Your goal -> Each line below must be set down exactly; omit any image you find.

Dataset section ->

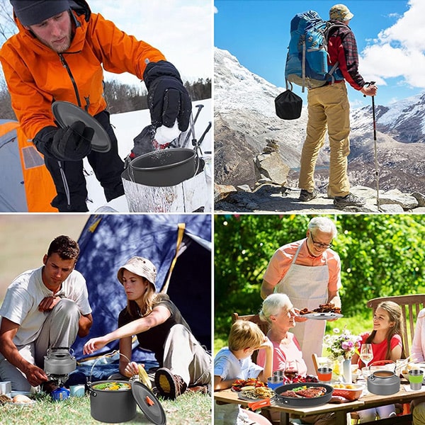 Gatavojiet jebkur ar šo daudzpusīgo, kompakto un vieglo virtuves piederumu komplektu, kas ir ideāli piemērots mājām, ceļojumiem un piedzīvojumiem dabā.
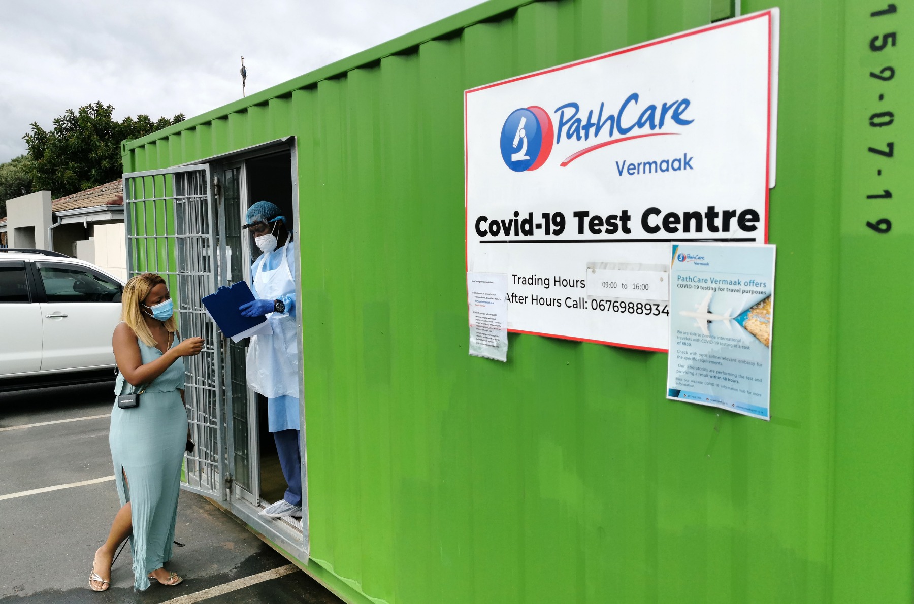 2月1日,医护人员在南非约翰内斯堡一处新冠病毒检测点为一名女子讲解检测步骤。(新华社记者陈诚摄)
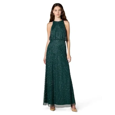 Adrianna Papell Women's Halter Art Deco Beaded Blouson Dress Special Occasion, Dusty Emerald, 20

Response area ->
 Gatavojiet jebkur ar šo daudzpusīgo, kompakto un vieglo virtuves piederumu komplektu, kas ir ideāli piemērots mājām, ceļojumiem un piedzīvojumiem dabā.
 2月1日,医护人员在南非约翰内斯堡一处新冠病毒检测点为一名女子讲解检测步骤。(新华社记者陈诚摄)
 Adrianna Papell Women's Halter Art Deco Beaded Blouson Dress Special Occasion, Dusty Emerald, 20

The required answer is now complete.